Les sept questions à se poser

MécaSphère

1) À QUOI LA FABRICATION ADDITIVE S'APPLIQUE-T-ELLE LE MIEUX ?

Comme pour toute nouvelle techno­logie, l'analyse des activités de l'en­treprise, de ses marchés, du besoin de ses clients, de sa stratégie de déve­loppement permet de déterminer pour quelles applications la fabrica­tion additive apporte un plus. Il peut s’agir de supprimer un assemblage, de réaliser des formes complexes, de personnaliser le produit, etc.

Ainsi, General Electric fabrique un injecteur de carburant pour son réac­teur Leap en un seul bloc, contre un assemblage de 20 éléments aupara­vant. Avec en prime : une réduction de poids de 25 % et une résistance multipliée par 5.

Autre exemple, Caterpillar a soumis au Cetim et à l'Institut de Soudure une structure d’engin de travaux publics d’une cinquantaine de kilos, pour étudier la faisabilité d’une ébauche en fabrication additive qui prendrait une semaine contre un an par le procédé de la forge.

Patrick Chouvet, président d'EAC, une PME de 25 salariés qui conçoit et produit des ornements métalliques destinés à l’industrie du luxe, s’est intéressé à la technologie parce que « les clients nous demandaient des pièces de plus en plus esthétiques et compliquées.
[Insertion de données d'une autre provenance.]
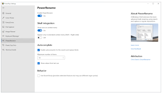 提示:还要确保在 Shell 集成部分下打开“在上下文菜单上显示图标”选项。如果关闭此功能,您将无法在上下文菜单中看到 PowerRename 功能,即使该功能本身已启用。
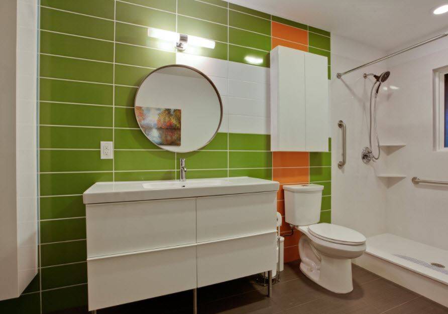 Вне зависимости от цвета, плитка для ванны должна быть как можно менее пористой. Это позволит упростить процесс уборки и не позволит вредоносным элементам забиваться в поверхности и размножаться там. При этом нужно соблюсти баланс: настенная плитка может быть абсолютно гладкой, а напольная должна обеспечивать хорошее сцепление со ступнями ног, ковриком на полу и подошвой тапочек. Это напрямую связано с безопасностью обитателей дом. В остальном выбор плитки полностью предоставляется тому, кто желает взять на себя задачи дизайнера.
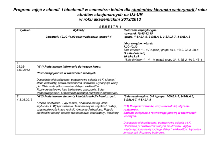 Program zajęć z chemii i biochemii w semestrze letnim dla studentów kierunku weterynarii I roku studiów stacjonarnych na UJ-UR w roku akademickim 2012/2013 SEMESTR I Tydzień Wykłady Czwartek: 12.30-14.00 sala wykładowa grupa1-4 Ćwiczenia repetytoryjne: czwartek 10.45-12.15 grupa: 1-SALA 5, 2-SALA 6, 3-SALA-7, 4-SALA 8 laboratoryjne: wtorek 7.30-10.30 Sale ćwiczeń 1 – 4 ( 4 godz.) grupa:1A-1, 1B-2, 2A-3, 2B-4 (4 sale ćwiczeń) 10.45-13.45 (Sale ćwiczeń 1 – 4 – (4 godz.) grupy 3A-1, 3B-2, 4A-3, 4B-4 1 25.021.03.2013 (W 1) Podstawowe informacje dotyczące kursu. Równowagi jonowe w roztworach wodnych. 2 4-8.03.2013 Dysocjacja elektrolityczna, podstawowe pojęcia α i K. Mocne i słabe elektrolity, prawo rozcieńczeń Ostwalda. Dysocjacja wody, pH. Obliczanie pH roztworów słabych elektrolitów. Roztwory buforowe i ich biologiczne znaczenie. Bufor wodorowęglanowi. Mechanizm działania roztworów buforowych. (W 2) Podstawowe elementy kinetyki reakcji chemicznych. Krzywe kinetyczne. Typy reakcji, szybkość reakcji, stała szybkości k. Wpływ stężenia i temperatury na szybkość reakcji, cząsteczkowość i rząd reakcji, równanie Arrheniusa. Pojęcie mechanizu reakcji, reakcje wieloetapowe, katalizatory i inhibitory (Sale seminaryjne: 5-8 ) grupa: 1-SALA 5, 2-SALA 6, 3-SALA-7, 4-SALA 8 (S1) Rozpuszczalność, rozpuszczalniki, stężenia roztworów. Zadania związane z równowagą jonową w roztworach wodnych. Dysocjacja elektrolityczna, podstawowe pojęcia α i K. Obliczanie pH roztworów słabych elektrolitów. Wpływ wspólnego jonu na dysocjację słabych elektrolitów. Hydroliza jonowa soli. Roztwory buforowe. 3 1115.03.2013 (W 3) Teoretyczne podstawy kolorymetrii. Prawo Lamberta-Beera. Sporządzanie i wykreślanie krzywych standardowych Hemoglobina i jej własności widmowe (1h) (Sale seminaryjne: 5-8 ) grupa: 1-SALA 5, 2-SALA 6, 3-SALA-7, 4-SALA 8 (S2)Obliczenia związane z równowagami jonowymi w roztworach ciąg dalszy. Podstawowe pojęcia termochemii i termodynamiki. Pojęcie entalpii swobodnej G, entalpii i entropii. Reakcje endo i egzoenergiczne. Stała równowagi a zmiana standardowej entalpii swobodnej, Reakcje odwracalne i nieodwracalne. 4 1822.03.2013 (W 4) Własności niekoligatywne roztworów wodnych. Charakterystyka roztworów ze szczególnym uwzględnieniem roztworów koloidowych. Liofilowe roztwory koloidowe w komórkach ich własności fizykochemiczne, czynniki wywołujące koagulację i ich znaczenie biologiczne. Ciśnienie osmotyczne roztworów nieelektrolitów i elektrolitów i jego znaczenie biologiczne. Równowaga Donnana i jej znaczenie biologiczne. Roztwory hypo-, hyper- i izotoniczne. Oporność osmotyczna erytrocytów. 1. Ćwiczenie laboratoryjne I Alkacymetria I i II 7.30-10.30 Sale ćwiczeń 1 – 4 ( 4 godz.) grupa:1A-1, 1B-2, 2A-3, 2B-4 (4 sale ćwiczeń) 10.45-13.45 (Sale ćwiczeń 1 – 4 – (4 godz.)grupy 3A-1, 3B-2, 4A-3, 4B-4 (4 sale ćwiczeń) (Sale seminaryjne: 5-8 ) grupa: 1-SALA 5, 2-SALA 6, 3-SALA-7, 4-SALA 8 (S 3) Procesy oksydacyjno-redukcyjne. Utleniacz i reduktor , struktura elektronowa cząsteczki. Reakcje połowkowe re-dox. Biologiczne układy redox. Określenie kierunku reakcji redox, równanie Nernsta, Potencjały redukcji standardowe i warunkach biologicznych. Obliczenia 5 2529.03.2013 wolne X 2. Ćwiczenie laboratoryjne II Spektrofotometria 7.30-10.30 Sale ćwiczeń 1 – 4 ( 4 godz.) grupa:1A-1, 1B-2, 2A-3, 2B-4 (4 sale ćwiczeń) 10.45-13.45 (Sale ćwiczeń 1 – 4 – (4 godz.)grupy 3A-1, 3B-2, 4A-3, 4B-4 (4 sale ćwiczeń) 6 1-5.04.2013 1-2.04.2012 wolne 7 812.04.20132 (W 5) Sprawdzian z chemii nieorganicznej 4.04.2013 (czwartek) (Sale seminaryjne: 5-8 ) grupa: 1-SALA 5, 2-SALA 6, 3-SALA-7, 4-SALA 8 (S 4) Podstawy chemii organicznej. (W 6) Budowa i własności chemiczne cukrów. Budowa i występowanie homoglikanów i heteroglikanów, głównie zwierzęcych. Ważne biologicznie pochodne cukrów: Aminocukry, deoksycukry. Rodzaje kwasów wywodzących się z cukrów. Rodzaje glikozydów. Hybrydyzacja a krotność i moc wiązań. Polaryzacja i polaryzowalność i ich wpływ na wiązania. Elektrofilowe i nukleofilowe reakcje addycji substytucji. Reakcje wolnorodnikowe. Ogólne mechanizmy tego typu reakcji (SN1, SN2, AN, AE). Izomerie: strukturalne i przestrzenne 3. Ćwiczenie laboratoryjne III Oporność erytrocytów 7.30-10.30 Sale ćwiczeń 1 – 4 ( 4 godz.) grupa:1A-1, 1B-2, 2A-3, 2B-4 (4 sale ćwiczeń) 10.45-13.45 (Sale ćwiczeń 1 – 4 – (4 godz.)grupy 3A-1, 3B-2, 4A-3, 4B-4 (4 sale ćwiczeń) (Sale seminaryjne: 5-8 ) grupa: 1-SALA 5, 2-SALA 6, 3-SALA-7, 4-SALA 8 (S 5) Związki organiczne z jedną grupą funkcyjną. - alkohole jedno i wielowodorotlenowe. Budowa i własności chemiczne, mechanizmy ważniejszych reakcji. - fenole. Budowa i własności chemiczne. - etery. Budowa i własności chemiczne. - związki zawierające grupę karboksylową: aldehydy, ketony, estry. Własności chemiczne, produkty utleniania i redukcji. Mechanizmy reakcji addycji nukleofilowej do grupy karboksylowej. - kwasy organiczne i ich bezwodniki, amidy. Budowa i własności chemiczne. - związki organiczne zawierające azot. Budowa i własności amin włącznie z aminami katecholowymi. - aminokwasy. Zasady syntezy peptydów. - chlorowcokwasy, oksokwasy, hydroksykwasy. 8 1519.04.2013 Wtorek (W 7) Lipidy. Lipidy występujące w komórkach żywych. - woski, triacyloglicerole. Procesy utleniania (jełczenie) - fosfolipidy, fosfoglicerydy, sfingomiezyna. - glikolipidy. Budowa, znaczenie biologiczne tłuszczów złożonych. - cholesterol, kwasy żółciowe, witamina D. Budowa, znaczenie. - hormony sterydowe. Czwartek (W 8)Aminokwasy, peptydy i białka. Podział aminokwasów, właściwości kwasowo-zasadowe aminokwasów (wyznaczanie pI aminokwasów i ich pochodnych), wykrywanie aminokwasów. Peptydy charakter wiązania peptydowego. Struktura i funkcje białek. Funkcje katalityczne białek : enzymy. 9 2226.04.2013 Wykład biochemia -wto

Nous avons exploré l'impression 3D, comme des béo­tiens ».

De son côté, CTM Laser, l’entreprise de chaudronnerie, de tôlerie, de soudure et d'usinage que dirige Joël Tanguy et qui emploie 28 personnes, est toujours « en veille sur les techno­logies nouvelles, car nous produisons des formes variées dans des matières diverses, pour un grand nombre de secteurs d’activité ».

Quant à Jean-Pierre Tartary, directeur technique de Socitec qui conçoit et fabrique principalement des amor­tisseurs à câble métallique, il a abor­dé la fabrication additive « dans le cadre d'un projet de recherche FUI (Fonds unique interministériel) sur des pièces métalliques à géométrie complexe ».
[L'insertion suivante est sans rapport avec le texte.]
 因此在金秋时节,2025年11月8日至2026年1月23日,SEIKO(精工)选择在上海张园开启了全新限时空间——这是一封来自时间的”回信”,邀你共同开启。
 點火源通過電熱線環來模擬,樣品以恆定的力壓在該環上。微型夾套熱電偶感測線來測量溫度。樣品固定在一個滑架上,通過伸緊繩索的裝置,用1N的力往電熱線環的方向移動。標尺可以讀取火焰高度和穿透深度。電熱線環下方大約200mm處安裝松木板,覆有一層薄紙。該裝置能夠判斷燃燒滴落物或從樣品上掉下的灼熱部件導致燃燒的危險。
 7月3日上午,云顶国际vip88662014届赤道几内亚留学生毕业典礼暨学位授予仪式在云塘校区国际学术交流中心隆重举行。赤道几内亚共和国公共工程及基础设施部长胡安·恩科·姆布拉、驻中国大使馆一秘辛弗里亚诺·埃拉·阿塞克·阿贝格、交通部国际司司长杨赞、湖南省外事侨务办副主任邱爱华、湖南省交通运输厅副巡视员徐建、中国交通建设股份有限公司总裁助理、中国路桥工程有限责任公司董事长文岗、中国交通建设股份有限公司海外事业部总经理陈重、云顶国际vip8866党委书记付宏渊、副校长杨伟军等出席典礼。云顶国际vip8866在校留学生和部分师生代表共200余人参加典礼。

2) QUI MAÎTRISE LA CONCEPTION ?

Tout le bénéfice de la fabrication additive réside dans la re-conception de la pièce. Pour un sous-traitant, la question se pose donc de savoir si son donneur d’ordre est prêt à lui confier ce travail.

Joël Tanguy témoigne : « Nous avons trouvé un client de CTM Laser inté­ressé par produire une pièce d’exem­plification. Il a compris l'intérêt de nous fournir les fichiers de la pièce et de réfléchir avec le Cetim à une nouvelle conception pour arriver à une forme plus complexe et alléger la pièce ».

Chez Socitec, « nous avons proposé une pièce nouvelle pour évaluer ses performances (résistance, fatigue, corrosion, etc.), par rapport à celles obtenues avec un procédé clas­sique », indique Jean-Pierre Tartary.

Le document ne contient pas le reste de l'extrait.